Upon closing, we will make an upfront payment in the amount of $124.0 million to AGTC, which includes a $30.0 million equity investment in AGTC, prepaid research and development expenditures of $58.4 million and total licensing and other fees of $35.6 million. We will be granted a license to the XLRS and XLRP programs and the option to license discovery programs for three additional indications at the time of clinical candidate selection.
Under the collaboration, AGTC is eligible to receive upfront and milestone payments aggregating in excess of $1.0 billion. This includes up to $472.5 million collectively for the two lead programs, which also will carry royalties in the high single digit to mid-teen percentages of annual net sales. In addition, we will make payments up to $592.5 million across the discovery programs, along with royalties in the mid-single digits to low-teen percentages of annual net sales.
We will be granted worldwide commercialization rights for the XLRS and XLRP programs. AGTC has an option to share development costs and profits after the initial clinical trial data are available, and an option to co-promote the second of these products to be approved in the U.S. AGTC will lead the clinical development programs of XLRS through product approval and of XLRP through the completion of first-in-human trials. We will support the clinical development costs, subject to certain conditions, following the first-in-human study for XLRS and IND-enabling studies for XLRP. Under the manufacturing license, we will receive an exclusive license to use AGTC’s proprietary technology platform to make AAV vectors for up to six genes, three of which are in AGTC’s discretion, in exchange for payment of milestones and royalties.
The transaction is subject to customary closing conditions, including the expiration or termination of the applicable waiting period under the Hart-Scott-Rodino Antitrust Improvements Act of 1976 in the U.S., and is expected to close in the third quarter of 2015.
Research Triangle Park Facility Purchase
On July 15, 2015, we entered into an arrangement with Eisai, Inc. (Eisai) to purchase their manufacturing facility in Research Triangle Park, North Carolina, including a drug product facility and supporting infrastructure.
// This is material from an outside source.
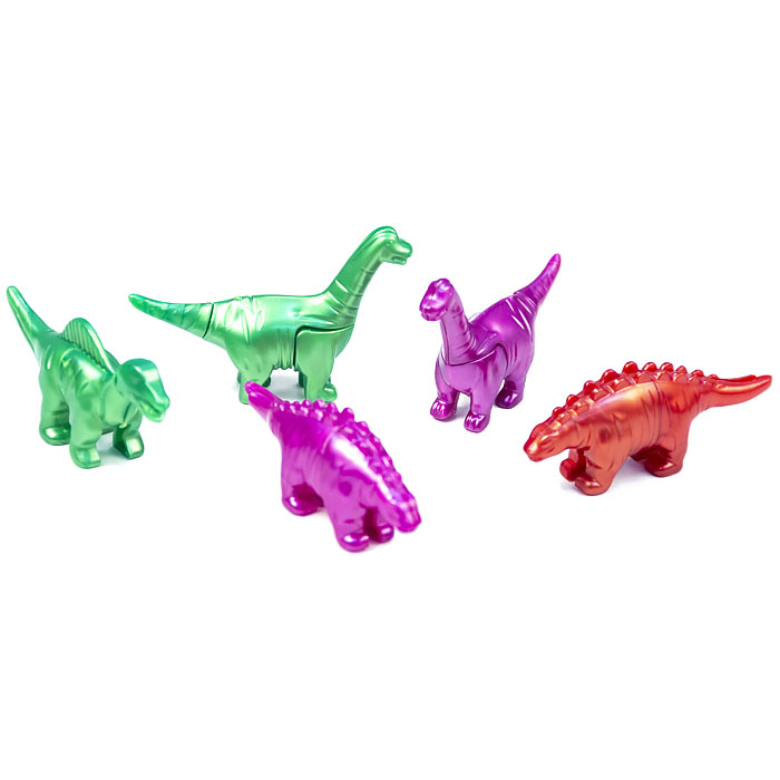 Игрушки идут в разобранном виде с инструкцией по сборке, что позволяет детям проявлять смекалку и развивать моторику рук, мышление и память в процессе сборки и игры. Набор состоит из деталей для сборки одного динозавра (всего 3 вида динозавров) разных цветов.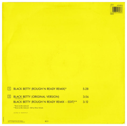 RAM JAM - BLACK BETTY (REMIX) (ORIGINAL VERSION) | 12" MAXI SINGLE USADO

Currently, we are leasing a portion of this facility in order to manufacture our and Eisai's oral solid dose products under a 10 year lease. We have committed to buy that portion of the facility upon Eisai’s completion of certain transition activities. 
The transaction is subject to customary closing conditions, including the expiration or termination of the applicable waiting period under the Hart-Scott-Rodino Antitrust Improvements Act of 1976 in the U.S., and is expected to close in the third quarter of 2015.
Swedish Orphan Biovitrum AB
On July 16, 2015, Swedish Orphan Biovitrum AB (Sobi) exercised its option to assume development and commercialization of ALPROLIX in Europe, Russia, Turkey and certain markets in the Middle East and paid us $10.0 million, which will be held in escrow pending E.U. regulatory approval.
We collaborate with Sobi to jointly develop and commercialize Factor VIII and Factor IX hemophilia products, including ELOCTATE and ALPROLIX. For more information about our agreement with Sobi, please read Note 20, Collaborative and Other Relationships to our consolidated financial statements included within our 2014 Form 10-K.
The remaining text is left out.